Je n'ai jamais aimé le personnage. J'ai apprécié sa musique. Dansé sur Billy Jean et Beat It abondamment. Mais même si son moon walk était trop canon et ses vidéoclips spectaculaires, dès que je l'ai connu, j'ai eu une réticence.

On parle de 1982 environ, de la sortie du disque Thriller. C'était l'époque où il portait un seul gant et dansait en faisant des gestes d'une fascinante précision mais parfois aussi d'une choquante grossièreté. La bizarrerie était déjà là. On ne savait pas encore qu'il se ferait charcuter le visage, qu'il deviendrait tranquillement quelqu'un d'autre sous nos yeux, exposant ses névroses par-dessous et par-dessus les tartines de maquillage. Mais il était déjà clair que le génie du spectacle n'était pas bien.Ce que l'on ne savait pas non plus, c'est que plus il se transformerait et plus il s'éloignerait de la normalité qu'il lui restait, lui l'enfant artiste doué, plus il exposerait en son sillage les dérives d'une société où succès et bonheur peuvent, facilement, être diamétralement opposés.

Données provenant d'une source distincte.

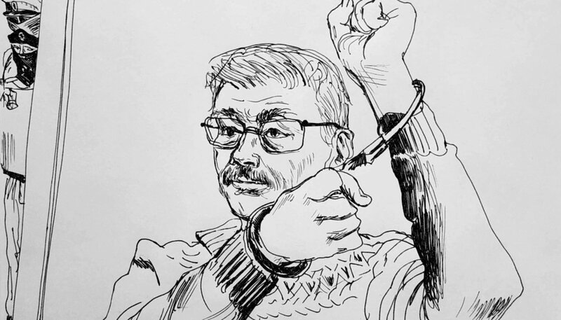 Eine Gerichtszeichnung von Oleg Orlov, Friedensnobelpreisträger und Leiter der Nichtregierungsorganisation Memorial, die sich für das Erinnern an die Verbrechen des Regimes einsetzt. Trotz Drohungen blieb er in Russland und wurde wegen seiner Antikriegshaltung zu zweieinhalb Jahren Haft im Straflager verurteilt.

Un psy, que j'ai interviewé un jour sur l'anorexie, m'a expliqué que Jackson souffrait selon lui, entre autres choses, d'une maladie du même ordre que l'obsession de la minceur mais appelée dysmorphophobie. Au lieu de se trouver gros, peu importe son poids, comme le font les personnes souffrant d'anorexie mentale, ceux qui sont atteints de dysmorphophobie se trouvent constamment des défauts corporels et cherchent à les corriger, peu importe le nombre de chirurgies nécessaires. Jackson, dit-on, aurait eu plusieurs interventions.

Aux États-Unis, il est loin d'être le seul à souffrir de ce mal qui se nourrit de l'incroyable force de persuasion et de perversion de l'industrie du divertissement. Sauf que chez lui, cette haine pour sa propre image était particulièrement triste. Elle contenait un élément racial douloureux. Jackson nous donnait l'impression qu'il voulait devenir blanc. Blanc de peau et de traits.

À chaque étape de sa métamorphose qui lui donnait tranquillement de plus en plus l'air caucasien et de moins en moins de traits masculins, on aurait tous dû se poser de sérieuses questions plus larges. Oui, il avait, de toute évidence, ses propres angoisses, ses propres problèmes, ses propres fantômes. Mais n'était-il pas non plus, en même temps, une sorte de version extrême, caricaturale, d'une quête obsessive que l'on voit partout pour un certain modèle américain stéréotypé? Pourquoi se refusait-il autant, lui-même?

OK, on en a parlé un peu. On a fait bien des blagues. On a dit qu'il était bien triste que le gars s'inflige de tels traitements. Mais les États-Unis se sont-ils demandé pourquoi ils créaient des gens aussi mal dans leur peau?

Ou ont-ils regardé ailleurs?

Il faut dire que son évidente incapacité d'être satisfait, d'être heureux avec ce qu'il avait, lui l'homme qui collectionnait les succès planétaires et les records Guinness, était difficile à observer et détourner les yeux était souvent beaucoup moins pénible.

Chaque fois que la vedette réapparaissait en public, de plus en plus transformée physiquement, chaque fois qu'on apprenait que Jackson était en couple avec des femmes qu'il n'avait pas l'air d'aimer pour deux sous, fut-ce Lisa Marie Presley ou Debbie Rowe, chaque fois qu'il se montrait confit dans ses problèmes, ses dépendances, on avait envie de s'intéresser soudainement à autre chose.

Quand il a été accusé de pédophilie, personne ne s'est montré surpris. On s'y attendait presque. Et quand il a suspendu de façon totalement irresponsable un de ses enfants au-dessus du vide, à l'extérieur d'un hôtel de Berlin, pour le montrer à ses fans, c'est vers le ciel qu'on a levé les yeux, avec une petite pensée pour ces bambins nés d'un père trop étrange.

Au moment d'écrire ces lignes, on ne sait pas ce qui a causé l'arrêt cardio-respiratoire de la méga-vedette. On ne sait pas si c'est une surdose de drogue qui en est la raison. Si c'était volontaire.

Est-ce que quelqu'un serait surpris de l'un ou l'autre de ces scénarios?

Je n'ai jamais aimé le personnage. Mais il avait une tristesse, un désespoir qui l'a bien servi comme artiste et le rendait, étrangement et bizarrement touchant.